Помимо напряжения, создаваемого вопросом, на который не было дано ответа, повествовательный импульс возникает в математике из действия, происходящего в доказательстве по мере его развития. В евклидовом доказательстве существования бесконечного количества простых чисел мы читаем о перемножении этих простых чисел. Это тут же возбуждает в нас интерес: ладно, и куда это ведет? Что мы будем делать с этим новым числом? Действие развивается. Ага, мы прибавили единицу. Чем дальше, тем интереснее. А затем приходит удовлетворение от понимания, как эта последовательность действий, достигнув своей развязки, приводит повествование к решениям и откровениям. Это хороший пример второго из пяти кодов повествования по Барту, проайретического[96] кода. Напряжение создается накапливанием действий, которые по самой своей природе предполагают дальнейшее повествовательное действие.

Барт говорит еще о трех кодах – семантическом, символическом и культурном. Все три вращаются вокруг той идеи, что некоторые концепции внутри повествования оказываются созвучны чему-то, существующему за его пределами, и придают ему дополнительный смысл. И все три полезны для построения математических доказательств, в которых уже имеющиеся у читателя знания используются для того, чтобы доказательство понималось должным образом. Г.Г. Харди предлагал добавлять немного болтовни; точно так же доказательству требуется иногда некий сигнал, включающий в развитие этого доказательства обширную историю идей. Неспособность распознать такие сигналы или ссылки может существенно повредить действенности доказательства, так же как вредит она восприятию литературного повествования.
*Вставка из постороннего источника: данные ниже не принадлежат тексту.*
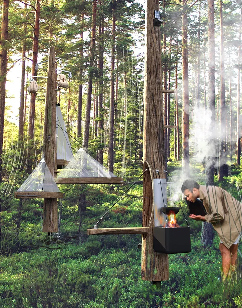 Projekt Human Forest to zupełnie nowa jakość spędzania czasu w lesie. Na koncept składają się 4 „konary”, które kolejno odpowiadają czterem funkcjonalnościom:

Мы часто говорим об основных сюжетах, общих для многих произведений. Иногда их называют еще шаблонными сюжетами или повествовательными архетипами. Теоретики литературы пытаются классифицировать эти архетипы; некоторые считают, что существует всего семь разных типов сюжета. Мы говорим об «историях про Золушку», о «повествованиях о приключениях», о «военных сагах». Есть ли свои шаблонные сюжеты в математике? Математики, несомненно, различают несколько архетипов доказательства и используют их, чтобы помочь читателю. Есть, например, доказательство от противного, вероятностное доказательство или доказательство по индукции. Доказательство Великой теоремы Ферма основывается на создании мира, в котором истинно утверждение, обратное тому, которое мы хотим доказать. Доказательство Уайлса начинается с предположения, что уравнение Ферма имеет решение, а затем рассматривает, к чему приводят следствия из этого предположения. Получающийся в результате абсурдный вывод позволяет нам увидеть, что такого решения быть не может.
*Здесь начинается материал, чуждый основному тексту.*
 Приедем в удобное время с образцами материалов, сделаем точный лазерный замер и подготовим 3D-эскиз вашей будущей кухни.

В лучших образцах математических работ есть противонаправленные тенденции. Доказательства не должны быть ни слишком сложными, ни слишком простыми. В наиболее удачных доказательствах чувствуется логическая неизбежность, и все же каждый следующий шаг нельзя предсказать заранее. Джон Кавелти описывает в книге «Приключение, тайна и любовная история: формульные повествования как искусство и популярная культура»[97] (Adventure, Mystery, and Romance) значение этих противоречий в художественной литературе, но его слова применимы и к математике: «Если мы стремимся к порядку и безопасности, то в итоге обязательно получим скуку и однообразие. Отказавшись от порядка во имя перемен и новизны, столкнемся с опасностью и неизвестностью… многие важнейшие аспекты истории культуры могут быть интерпретированы как динамичный конфликт между этими базовыми импульсами… между стремлением к порядку и желанием избежать скуки»[98].

То же лежит и в основе построения хорошего доказательства.

О проекте «Мицар» слышали лишь немногие из профессиональных математиков. Им неинтересна его цель. Он сводится к построению Вавилонской библиотеки, в которой есть всё и нет ничего. И все же я считаю, что у машинного обучения есть пока еще неиспользованный потенциал. Смогут ли его алгоритмы в один прекрасный день взять ту математику, которая нам нравится, и научиться создавать нечто подобное? Не идет ли речь лишь об отсрочке исполнения приговора?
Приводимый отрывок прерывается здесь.